Energy-based fragmentation methods approximate the potential energy of a molecular system as a sum of contribution terms built from the energies of particular subsystems. Some such methods reduce to truncations of the many-body expansion (MBE); others combine subsystem energies in a manner inspired by the principle of inclusion/exclusion (PIE). The combinatorial technique of M\"obius inversion of sums over partially ordered sets, which generalizes the PIE, is known to provide a non-recursive expression for the MBE contribution terms, and has also been connected to related cluster expansion methods. We build from these ideas a very general framework for decomposing potential functions into energetic contribution terms associated with elements of particular partially ordered sets (posets) and direct products thereof. Specific choices immediately reproduce not only the MBE, but also a number of other existing decomposition forms, including, e.g., the multilevel ML-BOSSANOVA schema. Furthermore, a different choice of poset product leads to a setup familiar from the combination technique for high-dimensional approximation, which has a known connection to quantum-chemical composite methods. We present the ML-SUPANOVA decomposition form, which allows the further refinement of the terms of an MBE-like expansion of the Born-Oppenheimer potential according to systematic hierarchies of ab initio methods and of basis sets. We outline an adaptive algorithm for the a posteori construction of quasi-optimal truncations of this decomposition. Some initial experiments are reported and discussed.

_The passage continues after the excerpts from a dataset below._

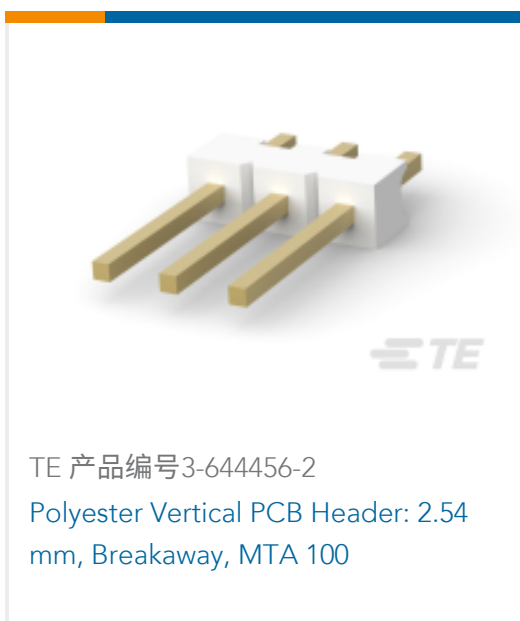
TE 产品编号3-644456-2 Polyester Vertical PCB Header: 2.54 mm, Breakaway, MTA 100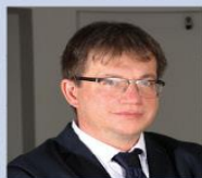
Petr Očko Ministerstvo průmyslu a obchodu vedoucí oddělení strategie

„Umělá inteligence už je nyní klíčovým faktorem digitálního rozvoje České republiky.“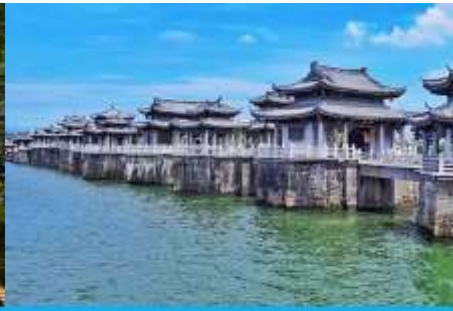
สะพานเซียงจื่อเจียว

翻译：基于能量的碎片化方法将分子系统的势能近似为特定子系统能量构建的贡献项之和。部分此类方法可归结为多体展开（MBE）的截断形式；另一些方法则受包含/排除原理（PIE）启发，以特定方式组合子系统能量。莫比乌斯反演这一组合数学技术——作为PIE的推广形式——通过偏序集求和实现，已知可为MBE贡献项提供非递归表达式，并与相关簇展开方法存在理论关联。基于这些思想，我们构建了一个通用框架，将势函数分解为与特定偏序集（及其直积）元素相关联的能量贡献项。通过具体选择，该框架不仅可重现MBE，还能衍生多种现有分解形式，例如多级ML-BOSSANOVA架构。此外，采用不同的偏序集积构造可得到高维近似组合技术中常见的配置，该技术与量子化学组合方法存在已知关联。本文提出ML-SUPANOVA分解形式，该形式允许根据从头算方法和基组系统层级，对类MBE展开的玻恩-奥本海默势能项进行精细化重构。我们概述了一种自适应算法，用于后验构建该分解的准最优截断方案。文中报告并讨论了初步实验成果。